The only other aspect, along the spatial planning policy, which can supposedly have government level engagement in, is licensing. The Chamber of Architects of Armenia was established for the purpose of license decentralization and shall be self-regulating project licensing. Still back during Tigran Sargsyan’s term, within cooperation with OSCE Centre for Legislative Regulation (better known as Regulatory Guillotine) we suggested to get rid of all licenses available in the sector and tighten only the expertise circle by turning it to a state function.
Thus, we can conclude that the functions of a Committee comprising more than one hundred employees, can be coordinated by an adjunct sector Deputy Minister or an entire department. To this end, as previously stated, the Ministry of Territorial Administration is the most appropriate ministry for this case, although I have been recently tending for the Ministry of Transport or Ministry of Economy. The last option can particularly make a positive impact on tourism development, since the main development issues of tourism sector, which has been declared as priority area, are currently within planning sector and require serious professional and multidisciplinary approaches. The most important thing here is not to make it part of the Ministry of Culture, Emergency Situations or Ecology, since the latter have contradictory function in the field of urban development.
By reducing the government’s current functions in planning sector, I think that the next most important issues of the sector shall be the creation of Integrated Cadastre, which, based on today’s legislation, is called Urban Cadastre.

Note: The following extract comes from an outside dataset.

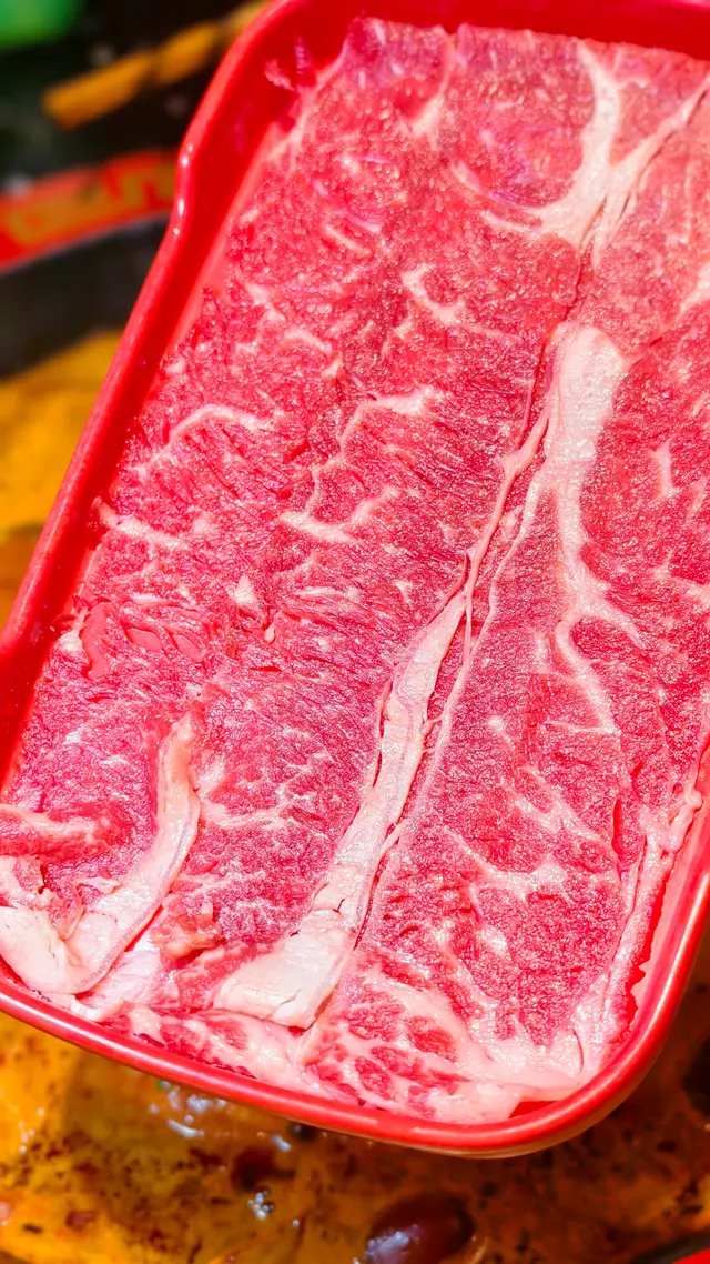 呢款牛板腱就啱曬鍾意咬勁嘅朋友!肉質實淨有彈性,牛味純粹而濃厚,涮完湯底仲能保持彈牙口感💪。配埋蔥花同蒜蓉醬汁,真係完美組合

This new, Integrated Cadastre can be created based on Real Estate Cadastre database, by incorporating all cadastres needed for a state in a single database, which can be one of the main tools for spatial planning.
Forest, land, monument and other registered cadasters should be curated by one single body, by combining all informative spatial databases, this way enabling the government to make appropriate and accurate decisions.
Today, given the absence of such single database, the directions of infrastructures in various communities, among them central parts of Yerevan, and especially underground infrastructures, are determined based on folklore methods. This is one of the major obstacles of Armenia’s economy, and being the only independent expert of World Bank’s Doing Business Report on construction sector, I have been pointing out to this issue for years now. This is the reason why Armenia has a quite bad position in terms of construction permits.
Naturally, serious legislative and sub-legislative work still needs to be done for switching the sector development on the right track. In particular, we should exercise a zoning plan as main legal document of urban development, as a result of which there will be no need for absurd planning permissions (Architectural and Designing Requirement Specification), we should reevaluate the institute of public discussions as cornerstone tool for ensuring transparency․
We should also rethink the purposefulness of overriding public interest and many other reforms, for which the future Deputy Minister of the sector shall have lots of actions to complete.
Of course, this will not solve all the sector gaps, yet it is only through the decentralization and liberalization of public administration that one can solve the issues of urban ignorance or more accurately the issues of monopolized and corrupt sector.
The democratization of urban governance has an immense potential for the development of economy and for the formation of “quality” environment, in other words – it has to ensure public happiness.